Re: [PATCH] psi: Fix race when task wakes up before psi_sched_switch() adjusts flags

Posted by Chengming Zhou 1 year, 1 month ago

On 2024/12/26 19:04, K Prateek Nayak wrote:
> Hello there,
> 
> Thank you for taking a look at the patch!
> 
> On 12/26/2024 4:13 PM, Chengming Zhou wrote:
>> Hi,
>>
>> On 2024/12/26 13:34, K Prateek Nayak wrote:
>>> When running hackbench in a cgroup with bandwidth throttling enabled,
>>> following PSI splat was observed:
>>>
>>>      psi: inconsistent task state! task=1831:hackbench cpu=8 
>>> psi_flags=14 clear=0 set=4
>>>
>>> When investigating the series of events leading up to the splat,
>>> following sequence was observed:
>>>      [008] d..2.: sched_switch: ... ==> next_comm=hackbench 
>>> next_pid=1831 next_prio=120
>>>          ...
>>>      [008] dN.2.: dequeue_entity(task delayed): task=hackbench 
>>> pid=1831 cfs_rq->throttled=0
>>>      [008] dN.2.: pick_task_fair: check_cfs_rq_runtime() throttled 
>>> cfs_rq on CPU8
>>>      # CPU8 goes into newidle balance and releases the rq lock
>>>          ...
>>>      # CPU15 on same LLC Domain is trying to wakeup hackbench(pid=1831)
>>>      [015] d..4.: psi_flags_change: psi: task state: 
>>> task=1831:hackbench cpu=8 psi_flags=14 clear=0 set=4 final=14 # Splat 
>>> (cfs_rq->throttled=1)
>>
>> I have a question here, why TSK_ONCPU is not set in psi_flags if
>> the task hasn't arrived psi_sched_switch()?
> 
> It is set. "psi_flags" is in fact a hex value so the psi_flags is "0x14"
> which is (TSK_ONCPU | TSK_RUNNING)

Ah, right :)

> 
>>
>>>      [015] d..4.: sched_wakeup: comm=hackbench pid=1831 prio=120 
>>> target_cpu=008 # Task has woken on a throttled hierarchy
>>>      [008] d..2.: sched_switch: prev_comm=hackbench prev_pid=1831 
>>> prev_prio=120 prev_state=S ==> ...
>>>
>>> psi_dequeue() relies on psi_sched_switch() to set the correct PSI flags
>>> for the blocked entity, however, the following race is possible with
>>> psi_enqueue() / psi_ttwu_dequeue() in the path from psi_dequeue() to
>>> psi_sched_switch()
>>
>> Yeah, this race is introduced by delayed dequeue changes.
>>
>> In the past, a sleep task can't be migrated or enqueued before it's 
>> done in __schedule(). (finish_task(prev) clear prev->on_cpu.)
> 
> I see __block_task() doing:
> 
>      smp_store_release(&p->on_rq, 0);

Right, p->on_rq is cleared if not delayed dequeue.

> 
> wouldn't this allow the task to be migrated? P.S. I have not encountered a

But p->on_cpu hasn't been cleared until finish_task(prev).

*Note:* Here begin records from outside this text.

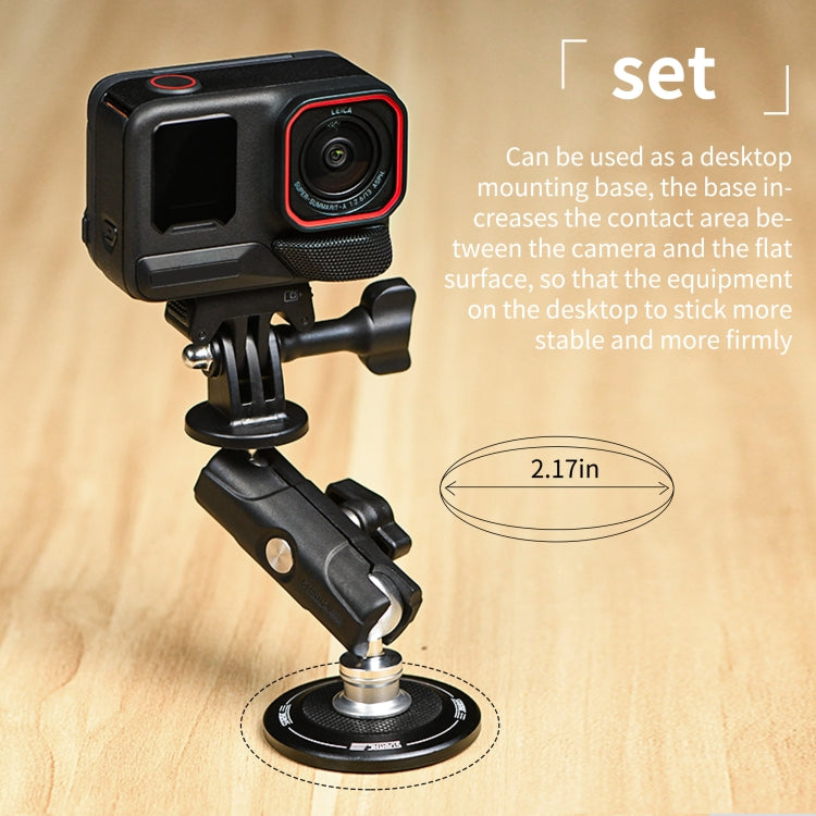 1. The magnetic universal base bracket is suitable for most sports cameras on the market, and the connector is designed with a 1/4 screw, with a (for GoPro) female head, and 6 magnets are inserted into the base. The magnetic force is strong, and it can be adsorbed on any iron object when the camera is installed, such as refrigerators, door frames, iron railings, etc., which is suitable for more scenes.
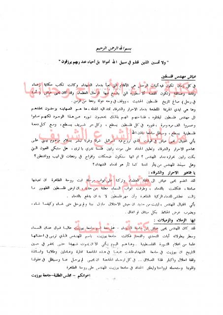 وثائق وبيانات الكتلة الأسلامية جامعة بير زيت - رقم - 23
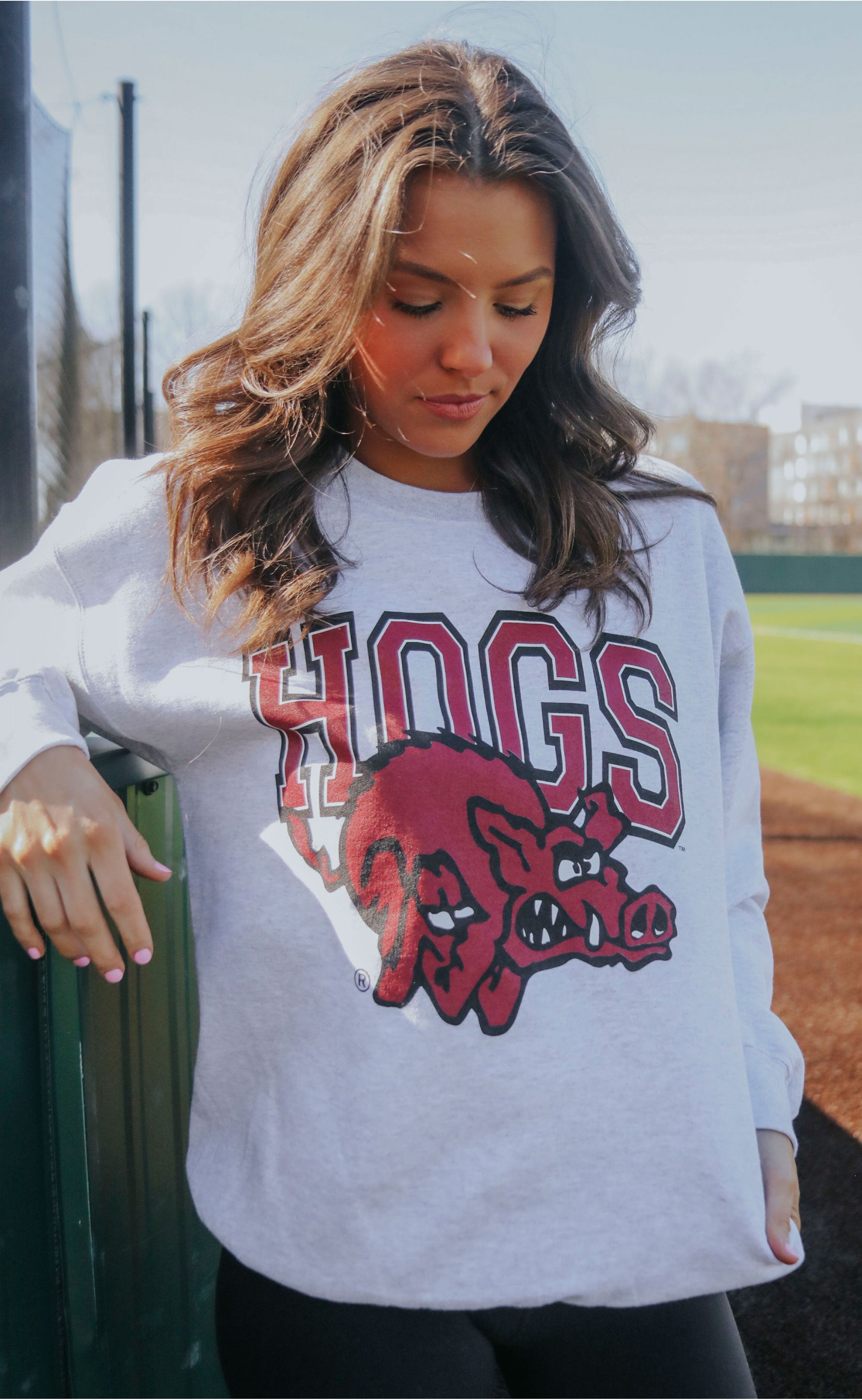 ATTN: all Hog callers! Get ready to ring in the season in style with this perfect sweatshirt made just for you. Whether you're cheering from the stands or showing off your team spirit around town, this cozy sweatshirt is guaranteed to be a best seller. Featuring a bold design and the iconic rally cry—WOOOOO PIG SOOIE!—you’ll be the ultimate fan wherever you go.

We can see in `can_migrate_task()`, we can't migrate `task_on_cpu()`
task. Anyway, its code still running on the cpu, we can't migrate it
to another cpu and run its code concurrently.

> case where psi_ttwu_dequeue() has occurred before a psi_sched_switch() but
> looking at the code, I thought it might be possible (I might very well be
> wrong)
> 
>>
>> Now, ttwu_runnable() can call enqueue_task() on the delayed dequeue task
>> to bring it schedulable.
>>
>> But migration is still impossible, since it's still running on this cpu,
>> so no psi_ttwu_dequeue(), only psi_enqueue() can happen, right?
>>
>> (Actually, there we can enqueue_task() for any sleep task, including
>> those are not delayed dequeue, if select_task_rq() returns same cpu
>> as task_cpu(p) to optimize wakeup latency, maybe need to submit a patch
>> later.)
>>
>>>
>>>      __schedule()
>>>     rq_lock(rq)
>>>         try_to_block_task(p)
>>>         psi_dequeue()
>>>         [ psi_task_switch() is responsible
>>>           for adjusting the PSI flags ]
>>>         put_prev_entity(&p->se)            try_to_wake_up(p)
>>>         # no runnable task on rq->cfs            ...
>>>         sched_balance_newidle()
>>>         raw_spin_rq_unlock(rq)                __task_rq_lock(p)
>>>         ...                        psi_enqueue()/psi_ttwu_dequeue() 
>>> [Woops!]
>>>                                 __task_rq_unlock(p)
>>>         raw_spin_rq_lock(rq)
>>>         ...
>>>         [ p was re-enqueued or has migrated away ]
>>
>> Here ttwu_runnable() call enqueue_task() for delayed dequeue task.
>>
>> migration can't happen since p->on_cpu is still true.
>>
>>>         ...
>>>         psi_task_switch() [Too late!]
>>>     raw_spin_rq_unlock(rq)
>>>
>>> The wakeup context will see the flags for a running task when the flags
>>> should have reflected the task being blocked. Similarly, a migration
>>> context in the wakeup path can clear the flags that psi_sched_switch()
>>> assumes will be set (TSK_ONCPU / TSK_RUNNING)
>>
>> In this ttwu_runnable() -> enqueue_task() case, I think psi_enqueue()
>> should do nothing at all.
>>
>> Why? Because psi_dequeue() is deferred to psi_sched_switch(), so from
>> PSI POV, this task hasn't gone sleep at all, so psi_enqueue() should NOT
>> change any state too. (It's not a wakeup or migration from PSI POV.)
> 
> There I imagined that newidle_balance() can still pull a task that can
> be selected before prev and with the current implementation where
> calling try_to_block_task() would still mark it as blocked and the flags
> would again be inconsistent.

Yes, it's blocked by try_to_block_task(), just ignored (deferred) by
PSI. During the time before `psi_sched_switch()`, it maybe enqueued
by ttwu(), which should be ignored by PSI too.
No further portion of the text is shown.